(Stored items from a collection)

-*-

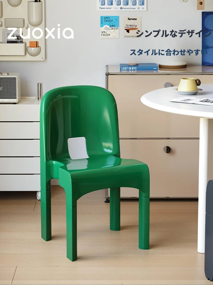 北欧スタイルの左下モスのダイニングチェア - シンプルでモダンなデザイン、小スペースにもぴったり!リラックスできるプラスチック製、カフェや家庭に最適な食卓用スツール。
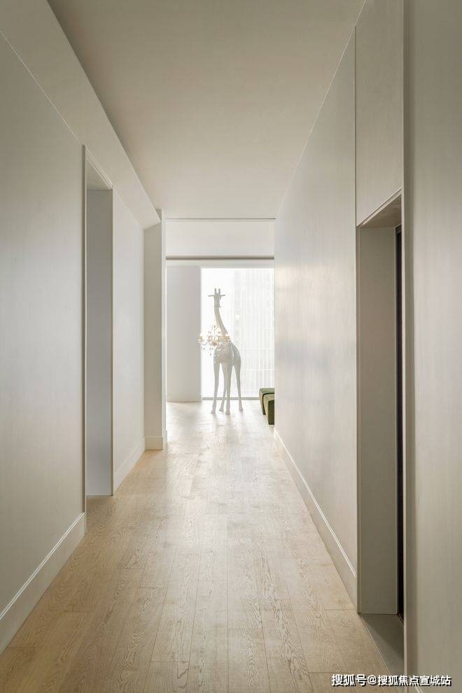 书房被藏在墙面的木色隐形门内,隐形门巧妙地在客厅与书房之间作了缓冲,避免白色“重叠”而造成疲劳感。
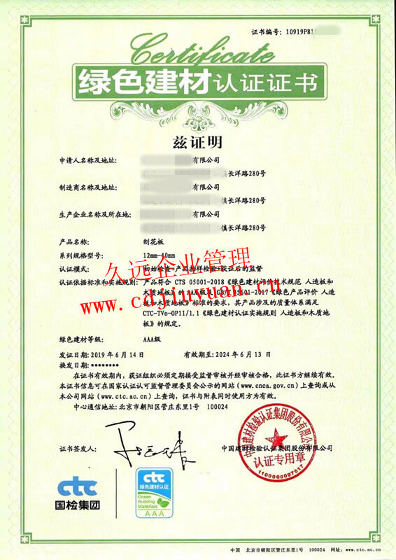 綠色產品認證證書
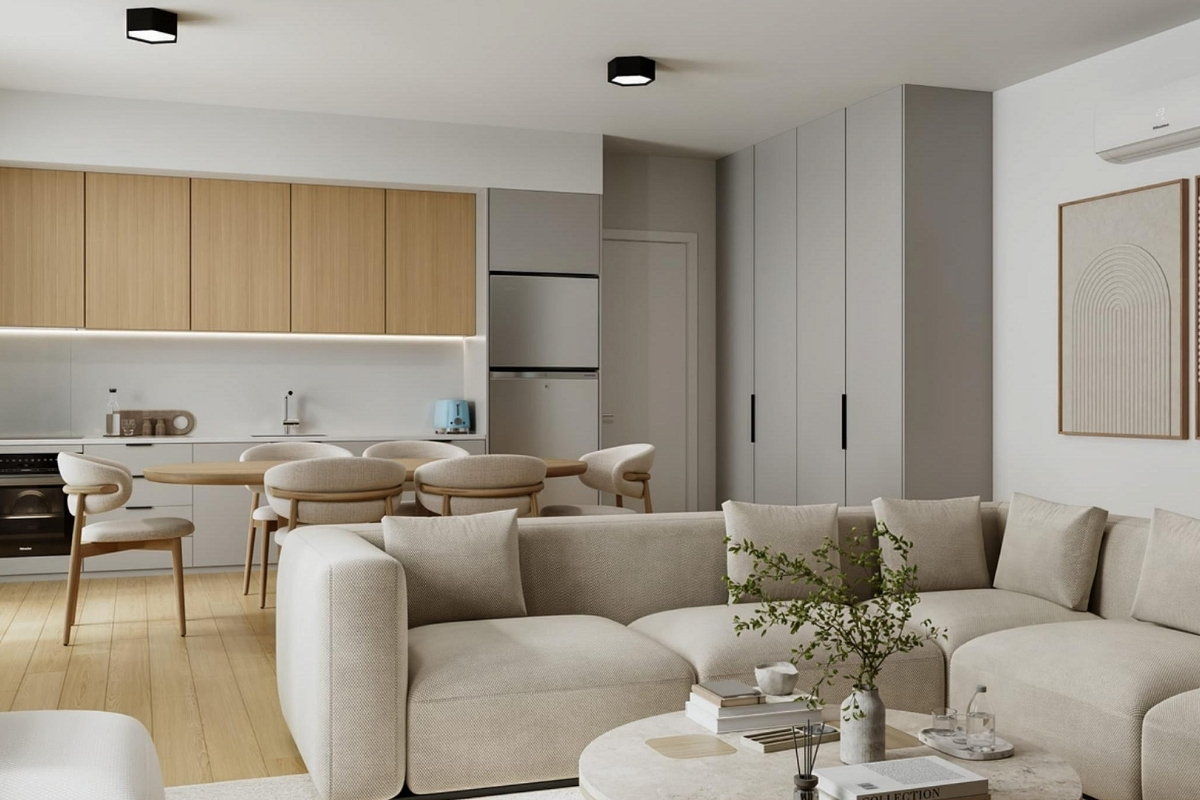 Phòng khách và bếp thường được thiết kế theo không gian mở để tạo cảm giác rộng rãi hơn. Các tông màu sáng như trắng, be hoặc màu gỗ tự nhiên kết hợp với ánh sáng hài hòa mang lại sự cân bằng giữa thẩm mỹ và công năng, phù hợp với gia đình trẻ hoặc người cần không gian linh hoạt.
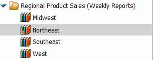 The following image shows the Resources tree with a Regional Product Sales (Weekly Reports) folder expanded to list the burst report sections. The Northeast report section is a Watch List report.

-*-

**Problem statement**
Without carrying over any pictures, retype the records above exactly.

**Response area**
 北欧スタイルの左下モスのダイニングチェア - シンプルでモダンなデザイン、小スペースにもぴったり!リラックスできるプラスチック製、カフェや家庭に最適な食卓用スツール。
 书房被藏在墙面的木色隐形门内,隐形门巧妙地在客厅与书房之间作了缓冲,避免白色“重叠”而造成疲劳感。
 綠色產品認證證書
 Phòng khách và bếp thường được thiết kế theo không gian mở để tạo cảm giác rộng rãi hơn. Các tông màu sáng như trắng, be hoặc màu gỗ tự nhiên kết hợp với ánh sáng hài hòa mang lại sự cân bằng giữa thẩm mỹ và công năng, phù hợp với gia đình trẻ hoặc người cần không gian linh hoạt.
 The following image shows the Resources tree with a Regional Product Sales (Weekly Reports) folder expanded to list the burst report sections. The Northeast report section is a Watch List report.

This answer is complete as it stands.